Mark, You are talking nonsense. Rotation is not relative in GR. Period.

By the way, Robert Bennett told me, when I pressed him, that he does not believe in either special or general relativity! I can send you the e-mail where he said this to me. Bennett talks (as you do) about the Lense-Thirring effect and the dragging of inertial frames, but the Lense-Thirring effect is something that exists in General Relativity and not in Newtonian physics. Yet Bennett says he believes in Newtonian physics and not General Relativity. He totally inconsistent!
He rejects GR and then appeals to a GR effect.

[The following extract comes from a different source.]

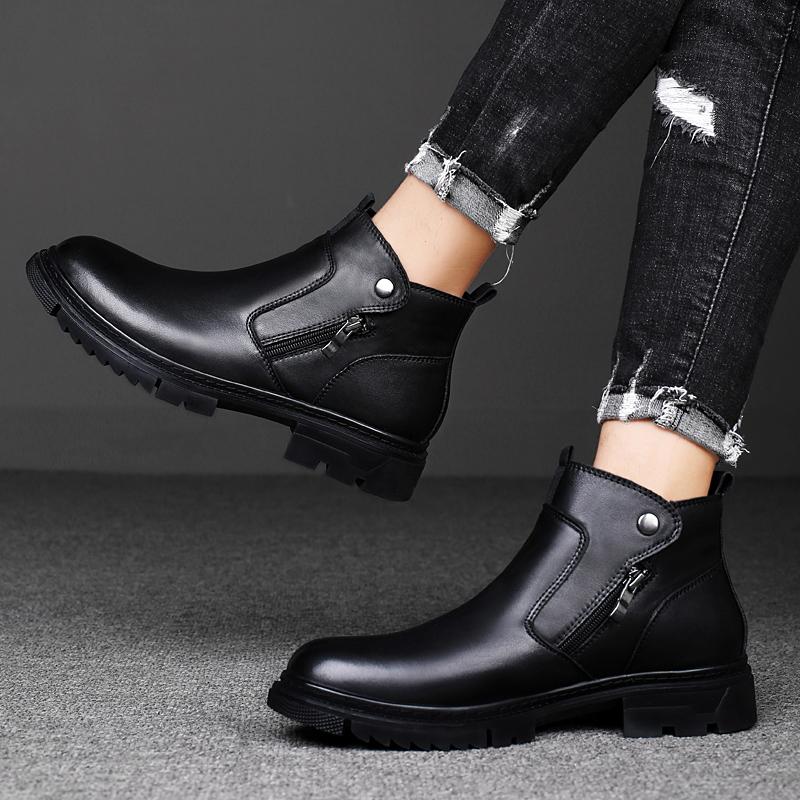 Мужские повседневные кроссовки из натуральной кожи на шнуровке, уличные ботинки, теплые плюшевые зимние ботинки для мужчин, боковая молния, новые мотоциклетные ботинки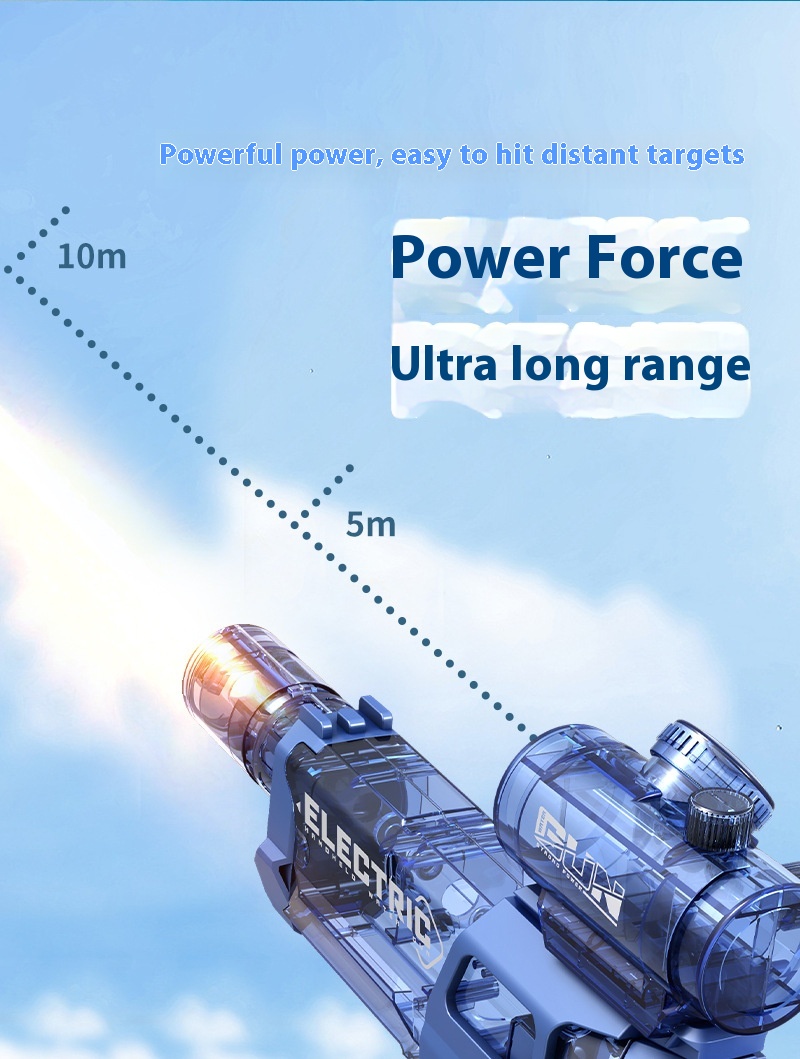 This electric water pistol brings hours of fun with its automatic spray feature and cool lighting effects, perfect for summer sports and outdoor play. Designed for children, it offers easy handling and continuous water blasting, ideal for water battles or poolside entertainment. With its sleek and fun design, it makes a fantastic gift to enhance summer excitement.

I just looked you up in the ISI database and find that no one named M.J. Wyatt has ever published a research paper in physics. There is an M.J. Wyatt who has published a few papers in engineering. What are your credentials for arguing about General Relativity with someone who has taught graduate courses in it at a major university? (In fact I am teaching it again next fall.) You have what some people call Chutzpah. Look, fellah. I do this stuff for a living. Do you also tell brain surgeons and airline pilots about the technicalities of their fields? Sorry to be harsh, but God is not served by his followers speaking nonsense.

Bennett is an ignoramus when it comes to physics and Sungenis is a bigger one. Sungenis wrote some brilliant theological works (like "Not by Faith Alone") but he is now dabbling in things he knows zippo about. He still obviously has the fundamentalist idea of every man his own Pope, except that instead of rejecting 2,000 years of Church Tradition, as he used to do as a fundamentalist, he now rejects 400 years of well established physics. Just as he used to think he could figure out the whole Bible on his own without the aid of Tradition, so now he thinks he can figure out the physical universe on his own without knowing what theoretical physicists have been up to for the last 400 years. Chutzpah to the nth degree.